Description of the task — Leave out the pictures and restate every entry word for word.
Top of Given records
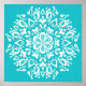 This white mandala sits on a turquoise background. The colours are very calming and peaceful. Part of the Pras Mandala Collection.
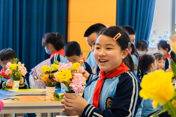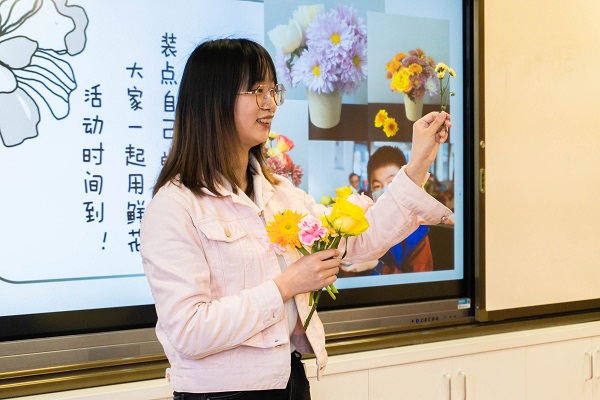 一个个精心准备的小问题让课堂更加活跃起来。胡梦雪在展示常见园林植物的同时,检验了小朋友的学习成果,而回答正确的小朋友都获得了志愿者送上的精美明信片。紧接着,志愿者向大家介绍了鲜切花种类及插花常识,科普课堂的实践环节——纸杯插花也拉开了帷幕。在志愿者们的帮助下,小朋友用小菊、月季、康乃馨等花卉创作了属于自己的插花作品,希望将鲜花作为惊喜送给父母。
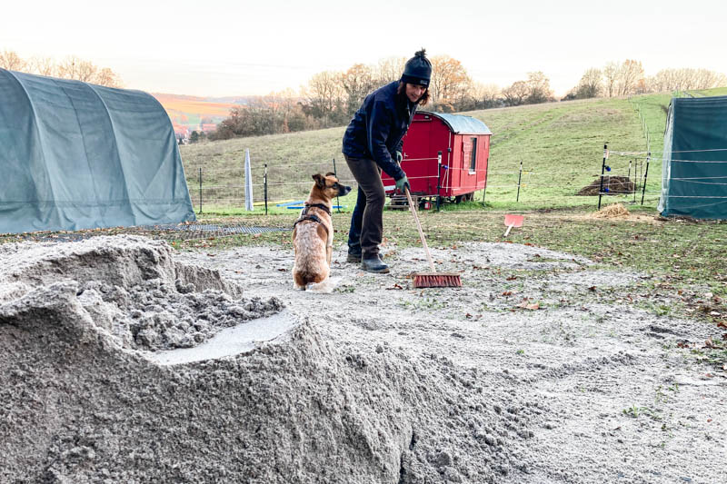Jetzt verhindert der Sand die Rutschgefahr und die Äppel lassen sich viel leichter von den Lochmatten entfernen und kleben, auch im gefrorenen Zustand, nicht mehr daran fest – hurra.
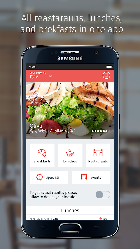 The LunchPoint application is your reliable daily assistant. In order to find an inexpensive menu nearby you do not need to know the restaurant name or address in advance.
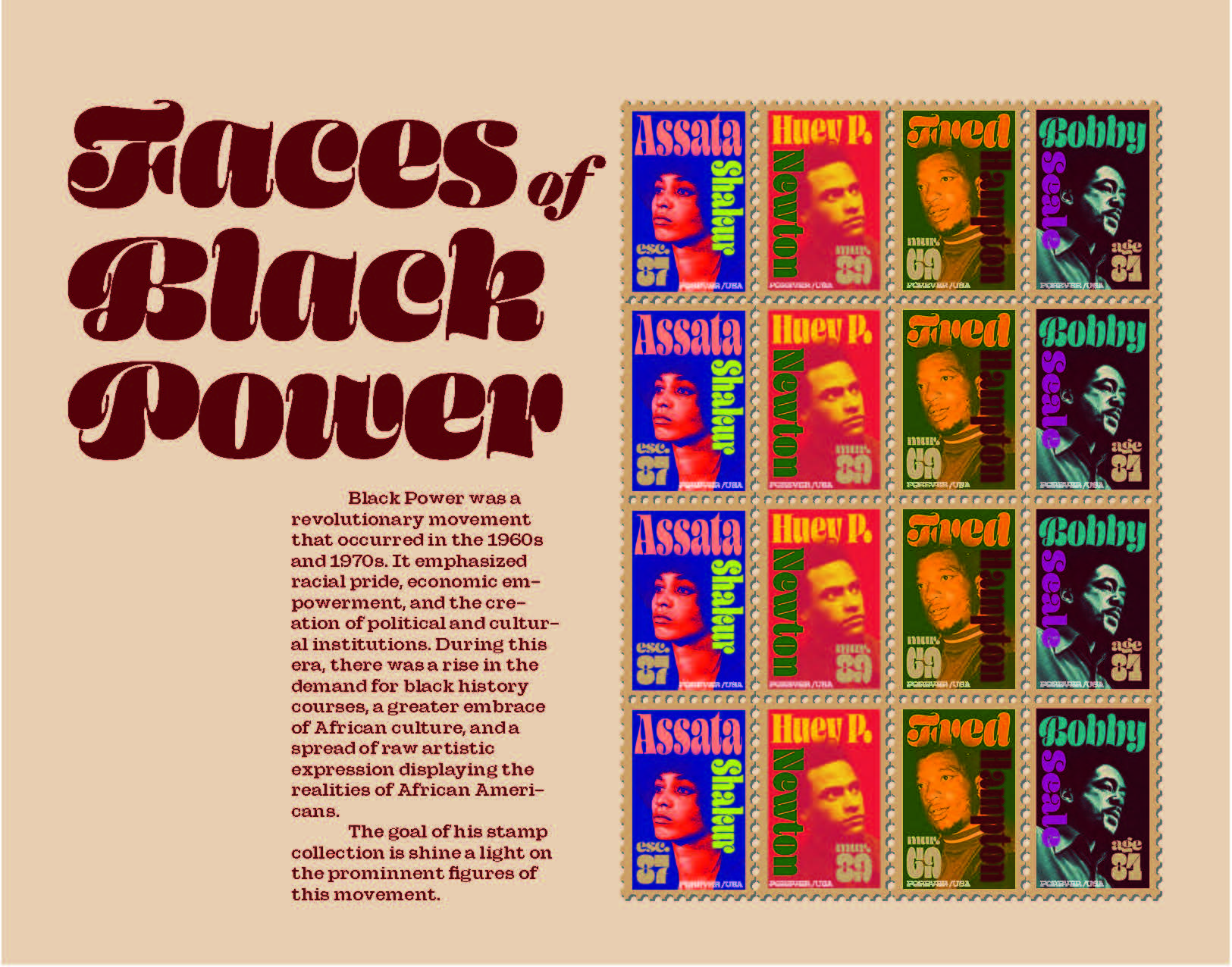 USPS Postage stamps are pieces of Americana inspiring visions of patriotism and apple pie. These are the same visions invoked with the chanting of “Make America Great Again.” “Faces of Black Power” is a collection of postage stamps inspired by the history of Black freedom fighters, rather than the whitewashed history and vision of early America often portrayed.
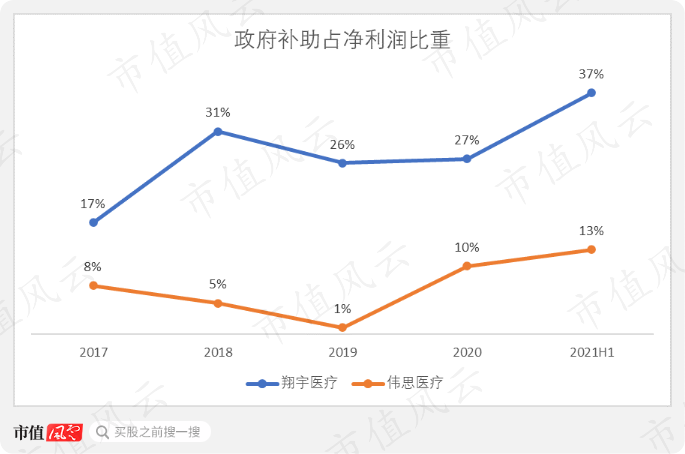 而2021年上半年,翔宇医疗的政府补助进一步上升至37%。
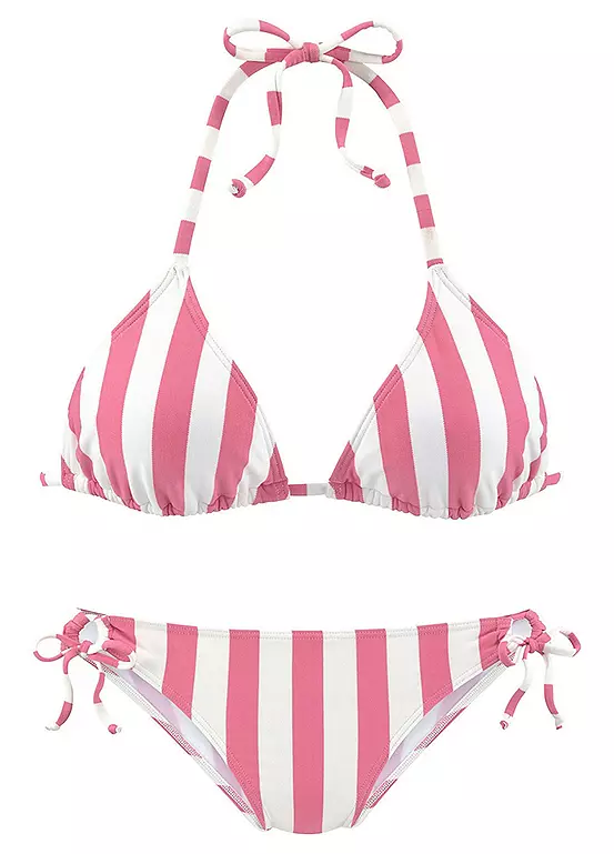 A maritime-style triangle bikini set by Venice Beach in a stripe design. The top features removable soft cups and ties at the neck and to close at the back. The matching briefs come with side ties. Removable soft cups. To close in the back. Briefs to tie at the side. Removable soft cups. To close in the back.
Bottom of Given records
Response for this exercise —
 This white mandala sits on a turquoise background. The colours are very calming and peaceful. Part of the Pras Mandala Collection.
 一个个精心准备的小问题让课堂更加活跃起来。胡梦雪在展示常见园林植物的同时,检验了小朋友的学习成果,而回答正确的小朋友都获得了志愿者送上的精美明信片。紧接着,志愿者向大家介绍了鲜切花种类及插花常识,科普课堂的实践环节——纸杯插花也拉开了帷幕。在志愿者们的帮助下,小朋友用小菊、月季、康乃馨等花卉创作了属于自己的插花作品,希望将鲜花作为惊喜送给父母。
Jetzt verhindert der Sand die Rutschgefahr und die Äppel lassen sich viel leichter von den Lochmatten entfernen und kleben, auch im gefrorenen Zustand, nicht mehr daran fest – hurra.
 The LunchPoint application is your reliable daily assistant. In order to find an inexpensive menu nearby you do not need to know the restaurant name or address in advance.
 USPS Postage stamps are pieces of Americana inspiring visions of patriotism and apple pie. These are the same visions invoked with the chanting of “Make America Great Again.” “Faces of Black Power” is a collection of postage stamps inspired by the history of Black freedom fighters, rather than the whitewashed history and vision of early America often portrayed.
 而2021年上半年,翔宇医疗的政府补助进一步上升至37%。
 A maritime-style triangle bikini set by Venice Beach in a stripe design. The top features removable soft cups and ties at the neck and to close at the back. The matching briefs come with side ties. Removable soft cups. To close in the back. Briefs to tie at the side. Removable soft cups. To close in the back.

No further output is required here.